◆ **EXERCISE**:
Return the lines of the listing below exactly as they appear, beginning at the one with "Bear Shadow Box Layered Papercut SVG Bundle" and stopping after the one with "Olej rybny DHA"; do not include pictures.

START EXERCISE DATA

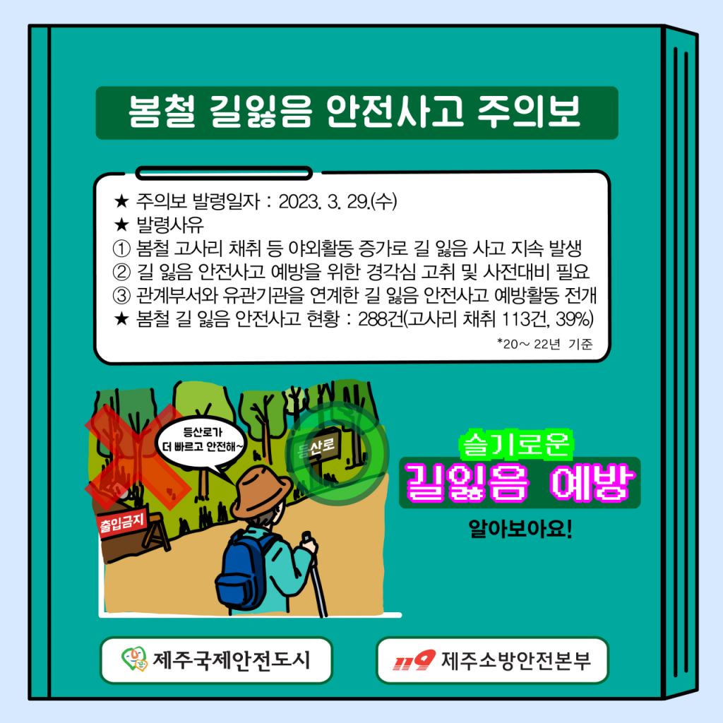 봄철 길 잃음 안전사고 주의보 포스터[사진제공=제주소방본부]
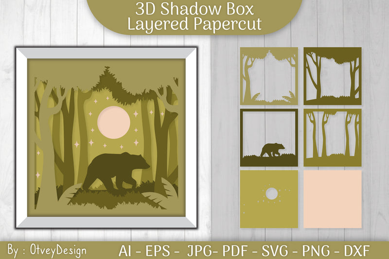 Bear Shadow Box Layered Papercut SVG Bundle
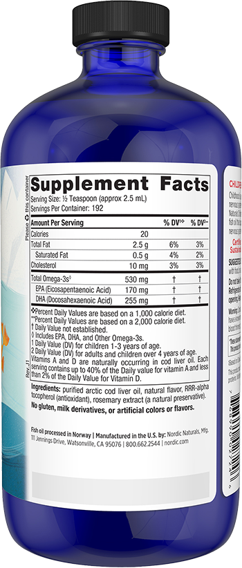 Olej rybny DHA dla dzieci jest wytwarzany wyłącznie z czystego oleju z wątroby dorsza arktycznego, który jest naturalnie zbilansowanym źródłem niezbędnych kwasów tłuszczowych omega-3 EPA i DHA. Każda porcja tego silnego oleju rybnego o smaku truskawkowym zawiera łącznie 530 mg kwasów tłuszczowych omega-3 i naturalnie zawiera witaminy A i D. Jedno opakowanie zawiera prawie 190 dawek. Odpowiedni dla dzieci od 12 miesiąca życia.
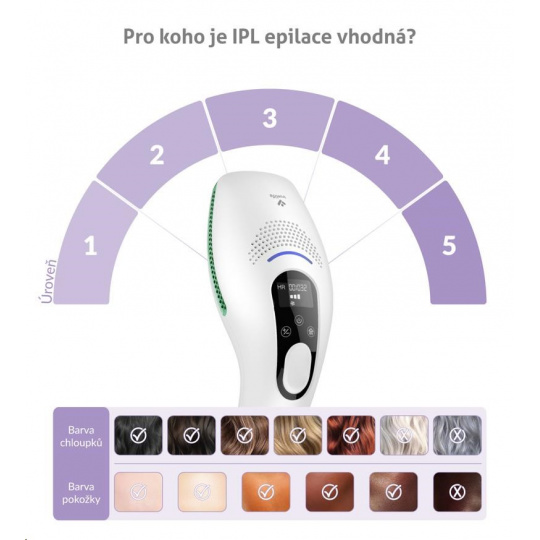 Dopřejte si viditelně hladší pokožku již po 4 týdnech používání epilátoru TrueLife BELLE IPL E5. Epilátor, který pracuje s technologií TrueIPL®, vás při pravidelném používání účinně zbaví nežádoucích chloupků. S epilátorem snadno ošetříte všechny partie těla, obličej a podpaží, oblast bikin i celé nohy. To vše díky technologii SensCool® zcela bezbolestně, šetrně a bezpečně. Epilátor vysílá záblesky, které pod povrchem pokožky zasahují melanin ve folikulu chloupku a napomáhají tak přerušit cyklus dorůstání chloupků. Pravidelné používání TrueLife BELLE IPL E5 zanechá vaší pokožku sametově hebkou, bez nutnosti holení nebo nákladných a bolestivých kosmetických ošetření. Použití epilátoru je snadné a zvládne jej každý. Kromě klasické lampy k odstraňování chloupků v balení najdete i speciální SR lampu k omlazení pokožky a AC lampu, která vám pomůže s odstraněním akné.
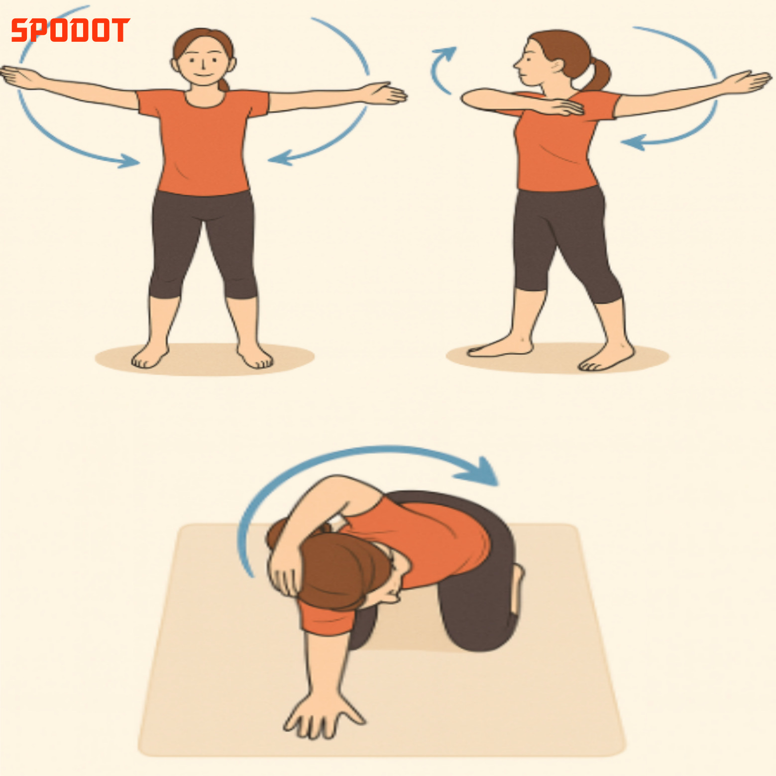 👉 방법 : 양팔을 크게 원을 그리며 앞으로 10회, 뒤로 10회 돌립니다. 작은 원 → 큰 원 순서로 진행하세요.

END EXERCISE DATA

◆ **SOLUTION TO THIS PROBLEM**:
 Bear Shadow Box Layered Papercut SVG Bundle
 Olej rybny DHA dla dzieci jest wytwarzany wyłącznie z czystego oleju z wątroby dorsza arktycznego, który jest naturalnie zbilansowanym źródłem niezbędnych kwasów tłuszczowych omega-3 EPA i DHA. Każda porcja tego silnego oleju rybnego o smaku truskawkowym zawiera łącznie 530 mg kwasów tłuszczowych omega-3 i naturalnie zawiera witaminy A i D. Jedno opakowanie zawiera prawie 190 dawek. Odpowiedni dla dzieci od 12 miesiąca życia.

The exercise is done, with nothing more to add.